Third (and final) thread - C nonsense

999 replies

JaysusWept · 21/09/2019 21:59

Unbelievable that this is the 3rd thread and still nothing has been resolved.
I wasn’t going to start this one but if anything good comes out of this shite it will be a Glasgow/Scotland MN meet up!

I know folk laugh at all the ‘DAILY MAIL MAY NOT USE THIS’ stuff, but here’s me giving the scummy DM permission to use this 👋

OP posts:
Thread gallery
10
combatbarbie · 23/09/2019 20:11

I am so glad to hear DD is unaffected by all this palaver. However do not let your guard down, using the kids will be next because you are not rising to their game. That's what happened to me.

Upanddownandroundagain · 23/09/2019 20:16

To be able to move on, I think you need to try to speak to C. Face to face. Go round there when they’re both likely to be there and explain to her that she’s ruining your life, and that you’ve never done anything. Call her on it. If it doesn’t work, you’ve lost nothing, but you might be able to move on. As it is, you’re seeing these people all the time at the school and it’s going to drive you mad. I know it’s not that easy though, and I wouldn’t want to do it either.

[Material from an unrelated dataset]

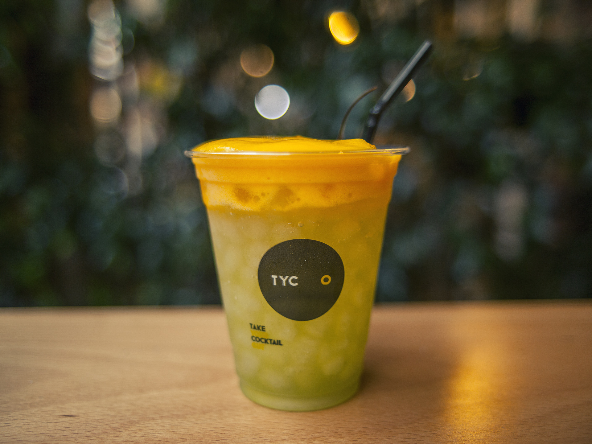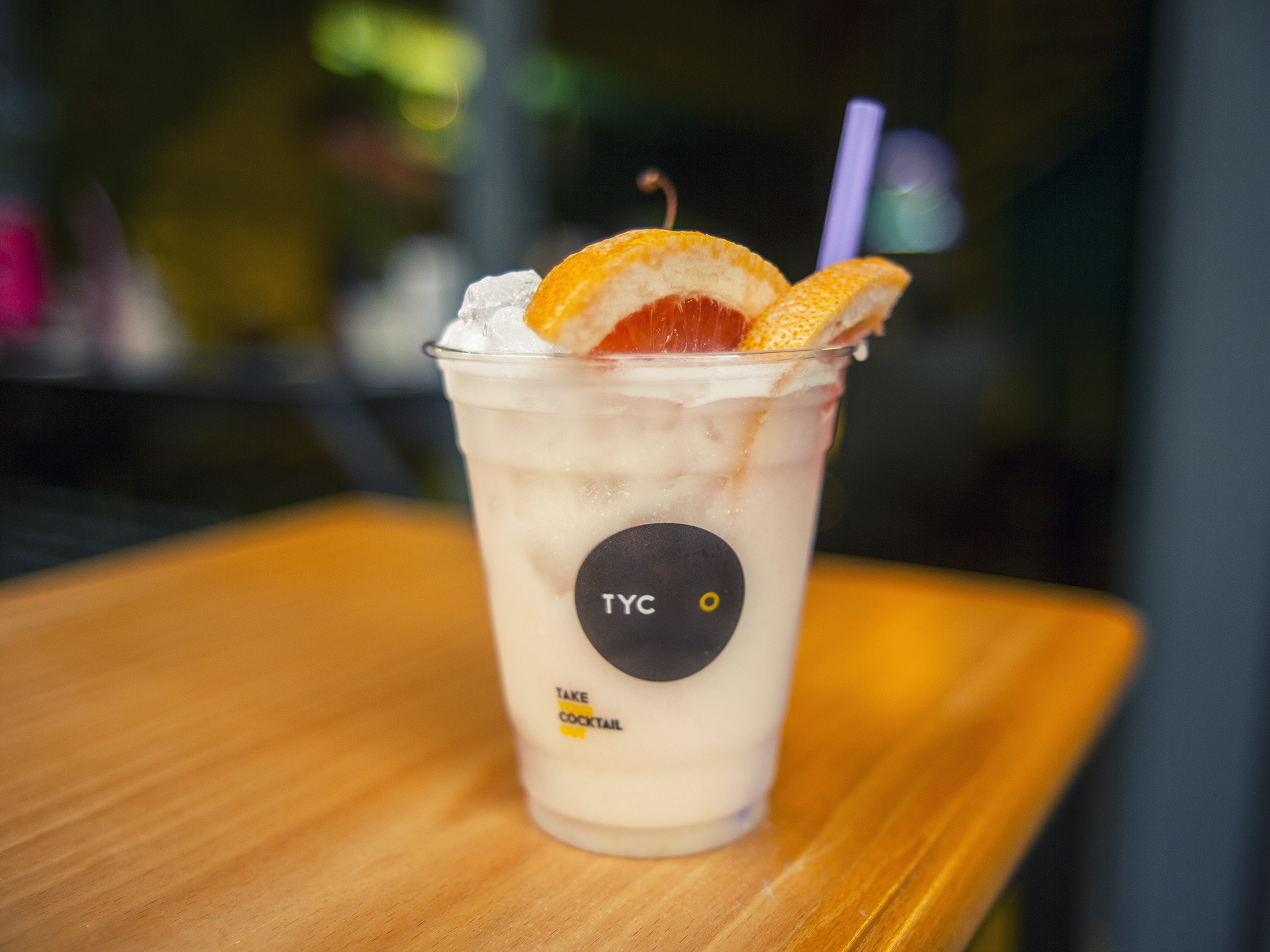 TYCO σημαίνει “Take Your Cocktail Out” κι αυτό είναι το #5 με λευκή τεκίλα, λικέρ από πορτοκάλι και βατόμουρο, καρύδα, ανανά, λικέρ κίτρο

I’d also suggest trying to make other friends, probably outside of school, to get a wider support network.

Hangingwithmygnomies · 23/09/2019 20:19

@JaysusWept I've just sat here and read through all 3 posts and am raging on your behalf! What an absolute bunch of spiteful cunts! I know it's easy for me to say forget about them but I understand the feeling of injustice at it all. If it were me I would be calling each and every one of them out as I don't do spiteful bitches. Flowers for you

MarshaBradyo · 23/09/2019 20:19

She can’t go round. There’s no reason for C to let her in and she’ll spin it that she’s being harassed.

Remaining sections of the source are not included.